Let me next quote from "A Thought on Culture," which appeared in the same publication a little later, and which is the first to bear his signature:—

In the conduct of life a man should not show his knowledge, but his wisdom; not his money—that were vulgar and foolish—but the result of it—independence, courage, culture, generosity, manliness, and that noble, humane, courteous air which wealth always brings to the right sort of a man.

A display of mere knowledge, under most circumstances, is pedantry; an exercise of wisdom is always godlike. We cannot pardon the absence of knowledge, but itself must be hid. We can use a thing without absolutely showing it, we can be reasonable without boring people with our logic, and speak correctly without parsing our sentences.

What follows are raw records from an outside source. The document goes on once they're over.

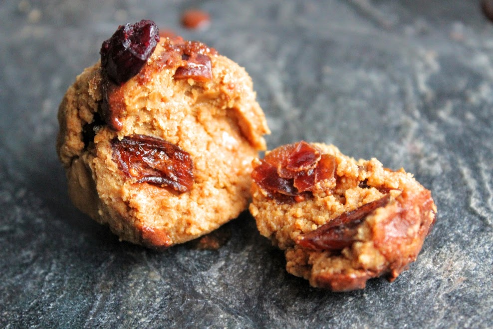 These little bites of deliciousness came about from a random experiment, when I had half a can of chickpeas leftover. Blending them up to form a cookie dough, mixed together with a few of my favourite products with the addition of festive flavours like ginger and cranberries – and there you go, super simple, no-bake protein bites! You could use chocolate protein powder if you wish, but I find vanilla, ginger and peanut work so well together in these bad boys. Enjoy!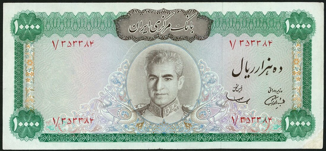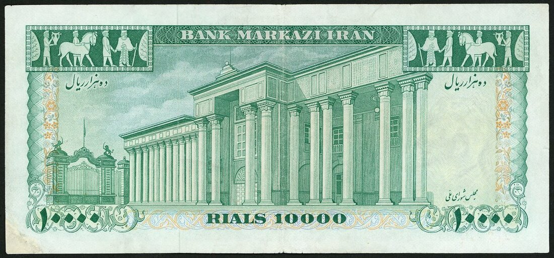 Bank Markazi Iran, 10000 rials, 1971, red serial numbers, green and pink and blue, Shah Pahlavi at centre, signatures of Samil and Amoozgar, reverse green, the National Assembly building at centre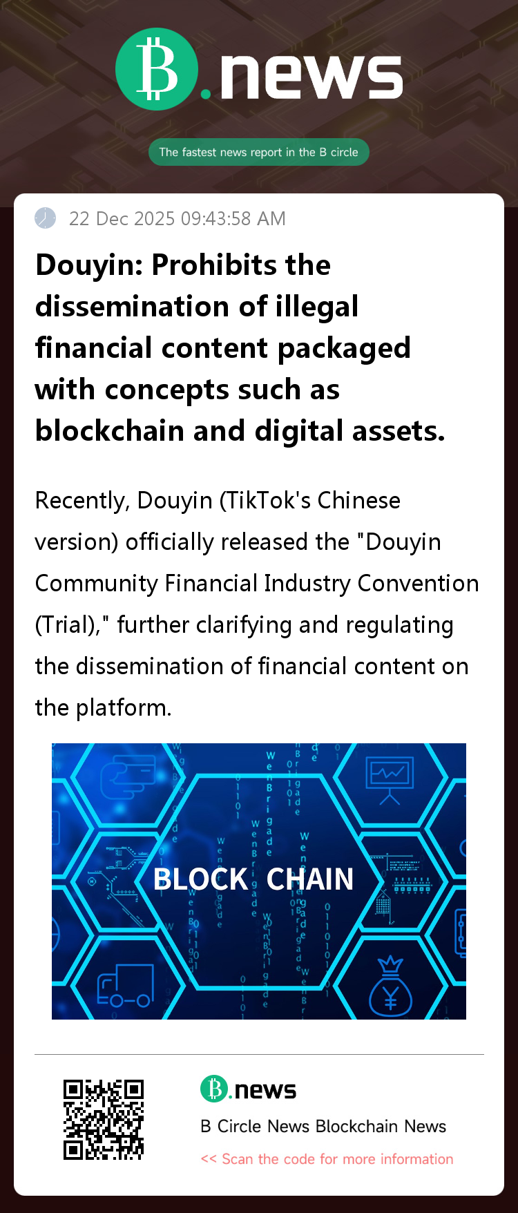 This convention aims to prevent new financial risks, protect users' assets, and maintain a healthy and positive community environment. Douyin reiterated its commitment to continuously combating any attempts to use new technologies as a pretext for illegal advertising or misleading users into participating in illegal financial activities related to virtual currencies, and to jointly promote the compliant and professional development of financial content dissemination.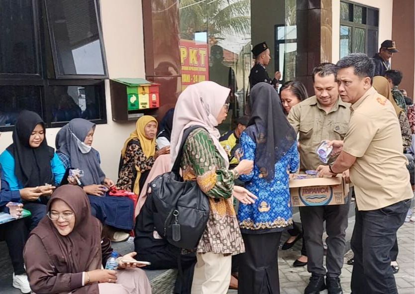 Lampung Tengah-Kompas86.com Sat Intelkam Polres Lampung Tengah, Polda Lampung bagikan air mineral ke ratusan warga pemohon surat keterangan catatan kepolisian (SKCK), Rabu (17/9/25).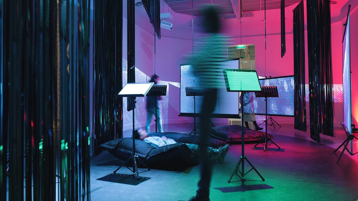 Voor REWIND / REPLAY digitaliseerde susan pui san lok / lok pui san niet-gecatalogiseerde tapes uit het Gate archief. Ze gebruikte delen daarvan voor de geluidsinstallatie in deze zaal, evenals opnames van acteurs die een script instuderen. Op de beeldschermen wordt o.a. werk van kunstenaar Ho Tam getoond. Beelden en licht uit verschillende bronnen vormen een vreemde, nieuwe mix. Uit hun cassette gehaalde magnetische tapes hangen verspreid in de ruimte. Muziekstandaards en microfoons wekken de indruk dat er zo een performance gaat plaatsvinden.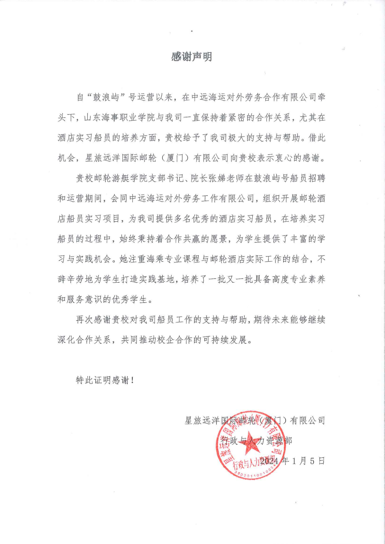 近日,我校邮轮游艇学院收到了星旅远洋国际邮轮(厦门)有限公司(以下简称“星旅远洋国际邮轮”)发来的感谢信。信中,星旅远洋国际邮轮对我校在酒店实习船员的培养及诸多人才培养工作的深度参与和贡献表示高度赞赏,并表示期待未来能进一步拓宽和加深与我校的合作,以共同推动双方在邮轮产业的发展上取得更大的成功。同时,星旅远洋国际邮轮表示,愿意进一步探索与我校在更多领域的合作可能性,共同为我国邮轮产业的繁荣发展做出更大的贡献。

The end of knowledge is not that a man may appear learned, any more than the end of eating is that a man may seem to have a full stomach; but the end of it is that a man may be wise, see and understand things as they are; be able to adjust himself to the universe in which he is placed, and judge and reason with the celerity of instinct, and that without any conscious exercise of his knowledge. When we feel the food we have eaten, something is wrong; so when a man is forever conscious of his learning, he has not digested it, and it is an encumbrance....

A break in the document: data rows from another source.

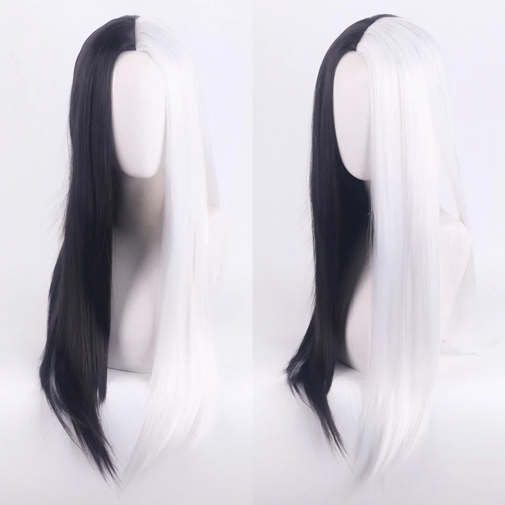 Костюм для косплея из аниме Cruella De Vil, термостойкий синтетический карнавальный костюм черного и белого цвета для Хэллоуина и шапочка с бесплатным париком, 101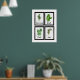 Cette affiche encadrée d'herbes noires aurait l'allure d'un salon de thé ou d'un décor maison. Ce sont des photos de romarin, basilic, menthe et sauge.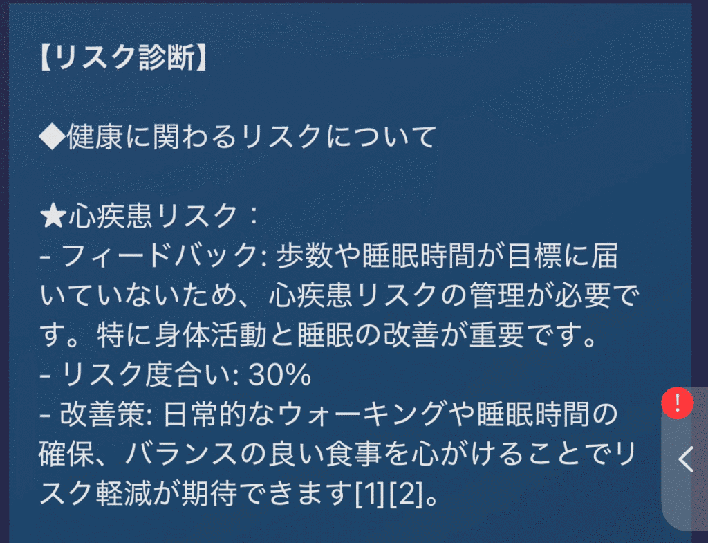 AIが今の状態を判断し、「睡眠を優先しましょう」「歩く時間を増やしましょう」など、健康に近づくためにすべき行動を提案してくれるので、悩まず動けます。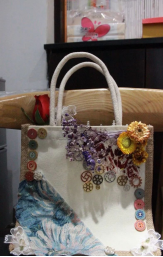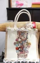DIY手工:用现有的贴纸,装饰小物以及布料进行组合,对帆布包进行手工改造做成自己想要的样子。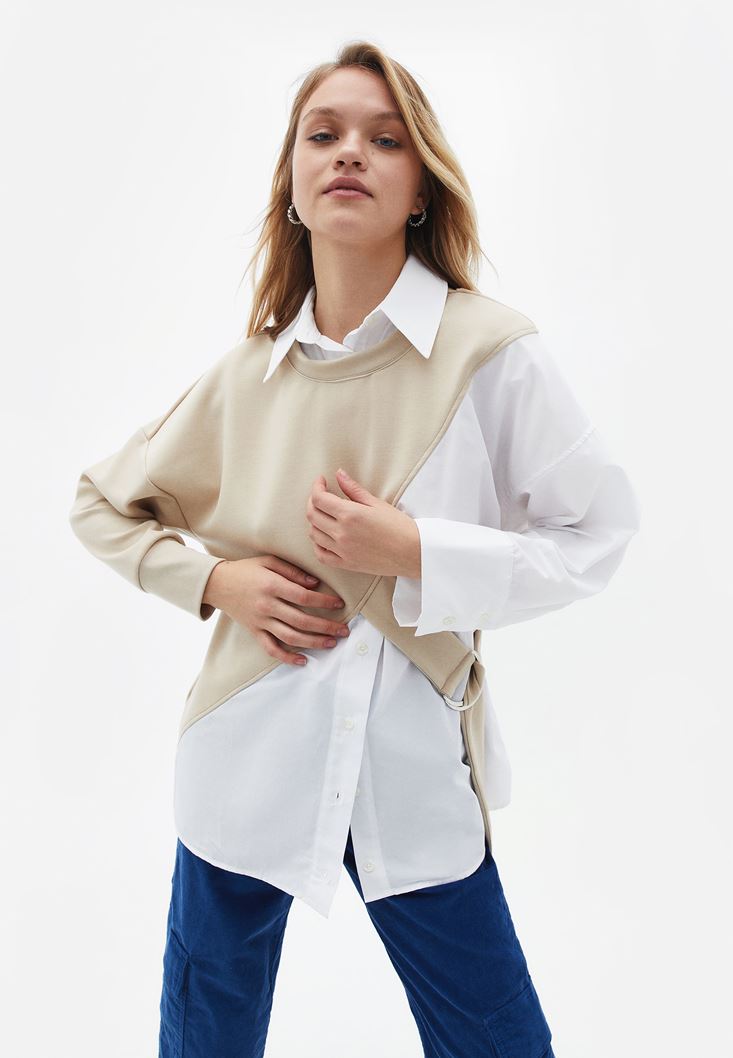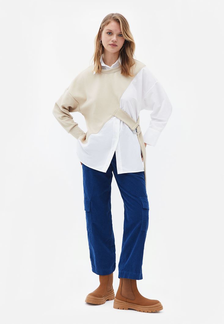 Pamuk karışımlı özel doku, gömlek ve sweat birleşimli tasarım, uzun kollu, yan kısmı kemer detaylı, bedenden uzak oversize fit.

The evolution of this author in his use of titles is interesting. Compare the crudity of "Vagaries vs. Spiritualism," and "Deep," for example, with those he selects when he begins to publish his books. "Wake-Robin," "Winter Sunshine," "Locusts and Wild Honey," "Leaf and Tendril,"—how much they connote! Then how felicitous are the titles of most of his essays! "Birch Browsings," "The Snow-Walkers," "Mellow England," "Our Rural Divinity" (the cow), "The Flight of the Eagle" (for one of his early essays on Whitman), "A Bunch of Herbs," "A Pinch of Salt," "The Divine Soil," "The Long Road" (on evolution)—these and many others will occur to the reader.

Following "A Thought on Culture" was a short essay on poetry, the drift of which is that poetry as contrasted with science must give us things, not as they are in themselves, but as they stand related to our experience. Our young writer is more at his ease now:—

Science, of course, is literal, as it ought to be, but science is not life; science takes no note of this finer self, this duplicate on a higher scale. Science never laughs or cries, or whistles or sings, or falls in love, or sees aught but the coherent reality. It says a soap bubble is a soap bubble—a drop of water impregnated with oleate of potash or soda, and inflated with common air; but life says it is a crystal sphere, dipped in the rainbow, buoyant as hope, sensitive as the eye, with a power to make children dance for joy, and to bring youth into the look of the old....

Who in his youth ever saw the swallow of natural history to be the twittering, joyous bird that built mud nests beneath his father's shed, and in the empty odorous barn?—that snapped the insects that flew up in his way when returning at twilight from the upland farm; and that filled his memory with such visions of summer when he first caught its note on some bright May morning, flying up the southern valley? Describe water, or a tree, in the language of exact science, or as they really are in and of themselves, and what person, schooled only in nature, would recognize them? Things must be given as they seem, as they stand represented in the mind. Objects arrange themselves in our memory, not according to the will, or any real quality in themselves, but as they affect our lives and stand to us in our unconscious moments. The hills we have dwelt among, the rocks and trees we have looked upon in all moods and feelings, that stood to us as the shore to the sea, and received a thousand impresses of what we lived and suffered, have significance to us that is not accounted for by anything we can see or feel in them.

Here we see the youth of twenty-three setting forth a truth which he has sedulously followed in his own writing about nature, the following of which accounts so largely for the wide appeal his works have made.